The concern that this is the case with our own security agencies is hardly lessened by the fact that they look up to foreign countries like the UK, the USA and Israel, for so-called expert advice. All three are countries that have since become notorious for sexing up intelligence for political purposes at home and abroad.

The most notorious of this political manipulation of intelligence abroad was, of course, the claim before the British parliament by Tony Blair, then it prime minister, on September 24, 2002, that Iraq under Saddam Hussein, possessed weapons of mass destruction (wmd) “which could be activated within 45 minutes.”

When the wmd expert, Dr.

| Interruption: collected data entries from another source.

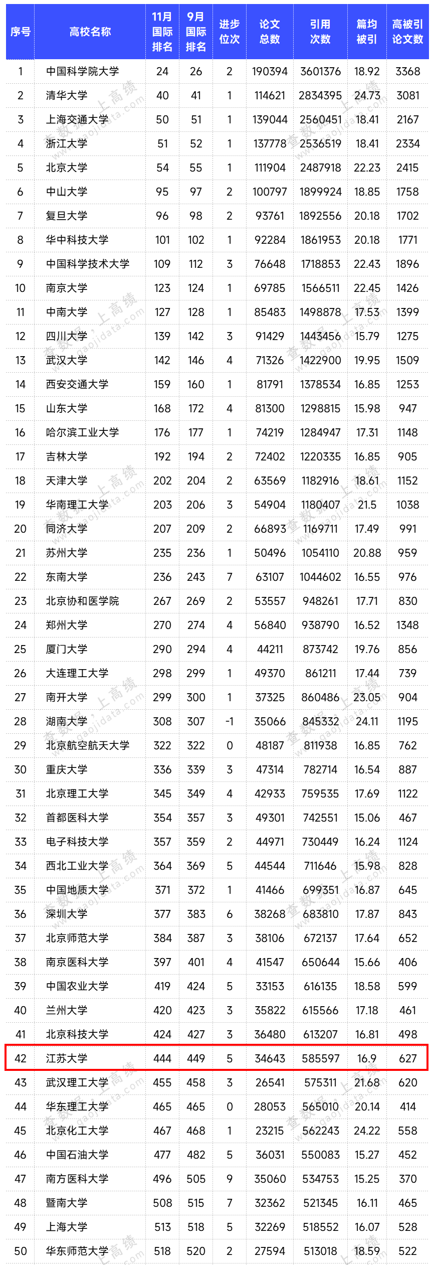 数据显示,江南网页版官网国际排名444位,较9月提升5位;位列中国内地高校42位。
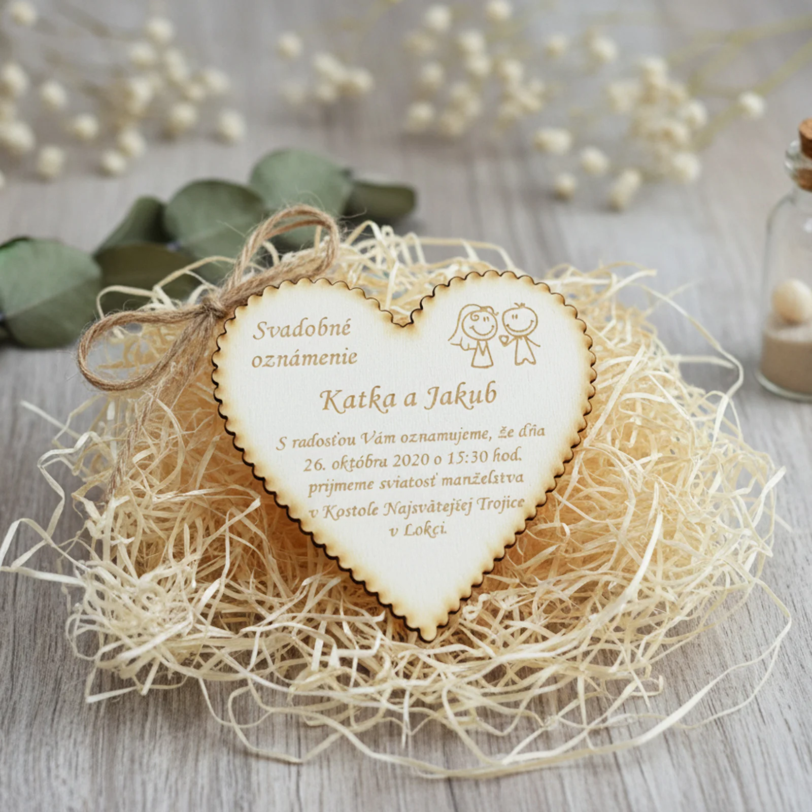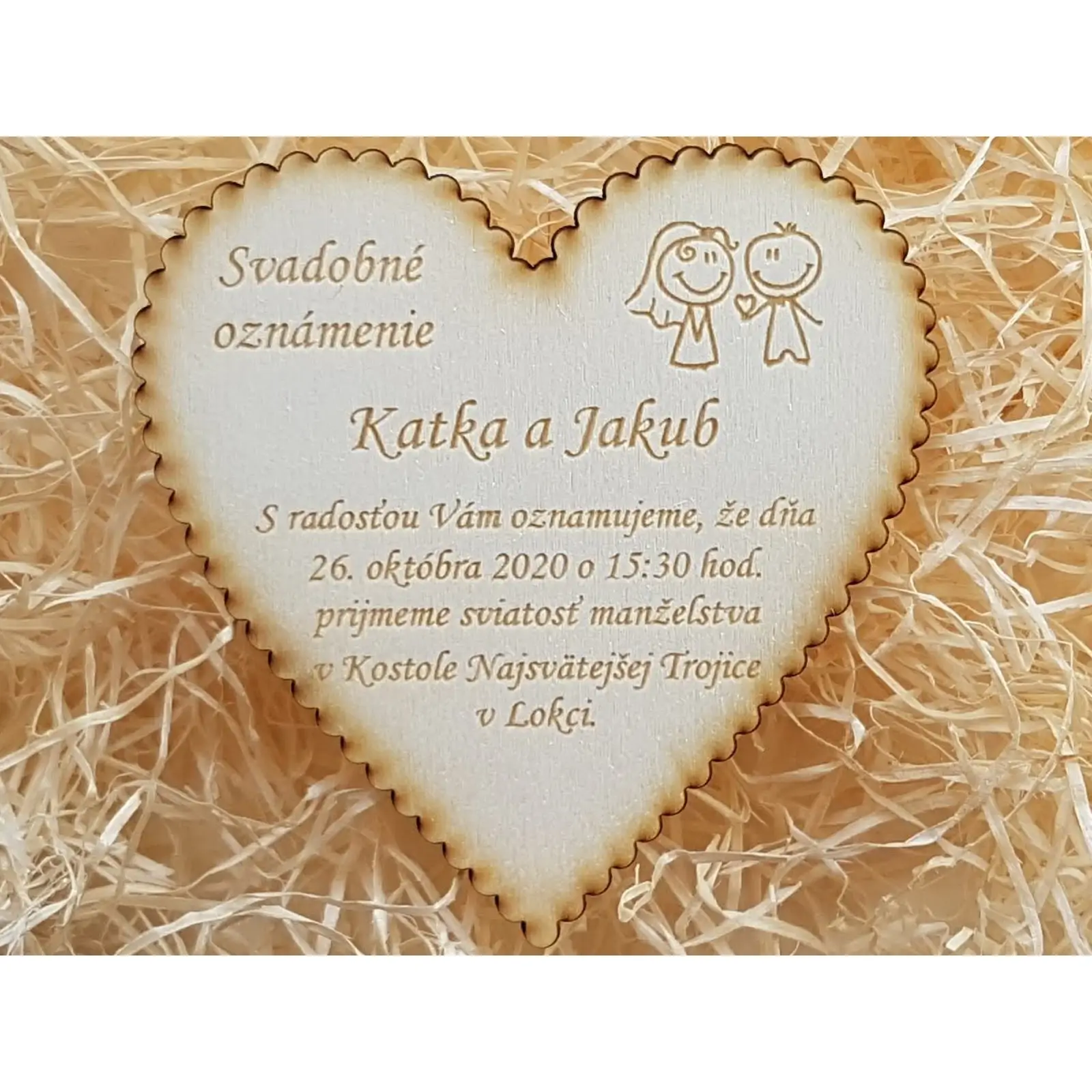 - Personalizácia: Na drevené oznámenie je možné gravírovať mená, dátum svadby, citáty alebo iné osobné odkazy.
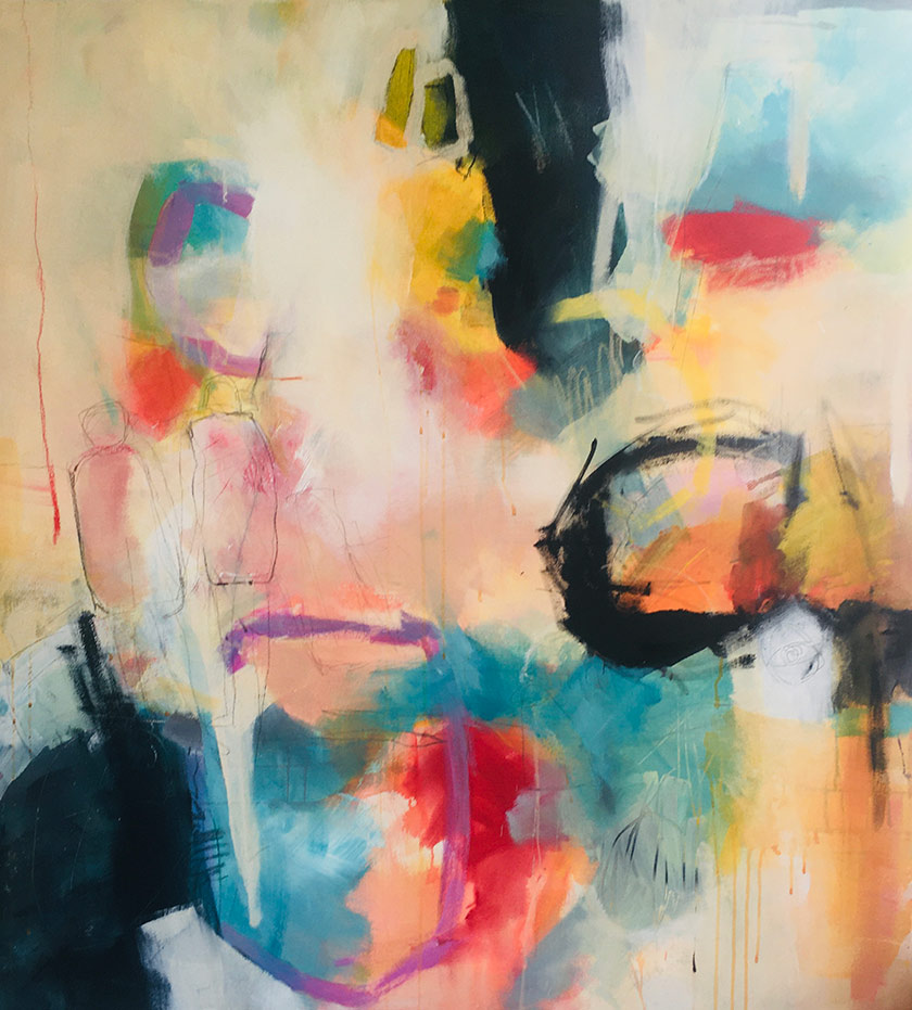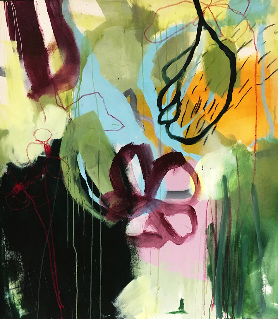 Die Werke von Marlene Tyroller entstehen intuitiv, die Titel der Arbeiten entwickeln sich im Laufe des Schaffensprozesses. Das Malen ist dabei ein äußerer wie innerer Prozess des Flows, des Stolperns, des Fragens, des Innehaltens, Weitergehens und letztendlich Findens.
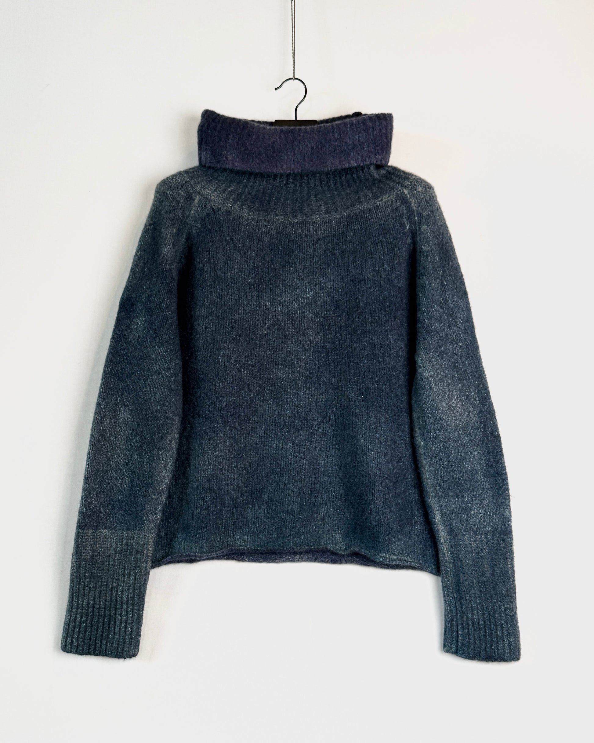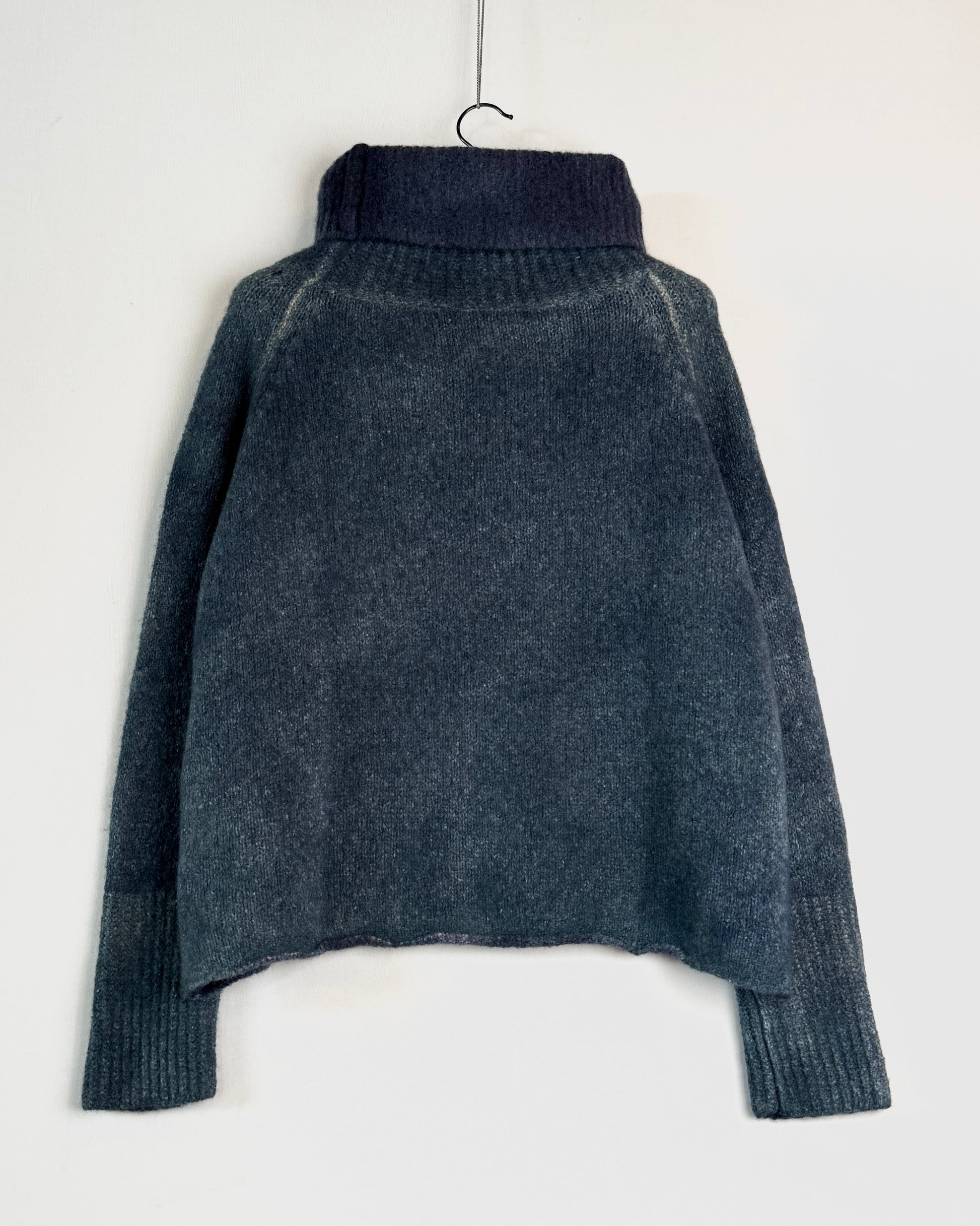 Handgebrushter, kastiger Pullover mit halsfernen Rollkragen.

David Kelly, exposed this claim as a blatant lie, his secret cover was blown by government, an act which led to his suicide, which in turn led to the Lord Hutton enquiry, which finally exposed how the British secret service sexed up intelligence for political purposes.

Here at home, the prize for the most dangerous example of the use of intelligence for political purposes must go to the recent claim by President Goodluck Jonathan that all our intelligence agencies and every arm of the country’s government right up to the presidential villa have been infiltrated by Boko Haram and its agents.

To date he has not named names, most probably because the intelligence on which he based his claim was as tight as a sieve.

With intelligence agencies like ours that are prone to dangerous levels of Islamophobia and the use of intelligence for politics, is it any wonder that the problem of Boko Haram has remained intractable since it burst into the open in 2009?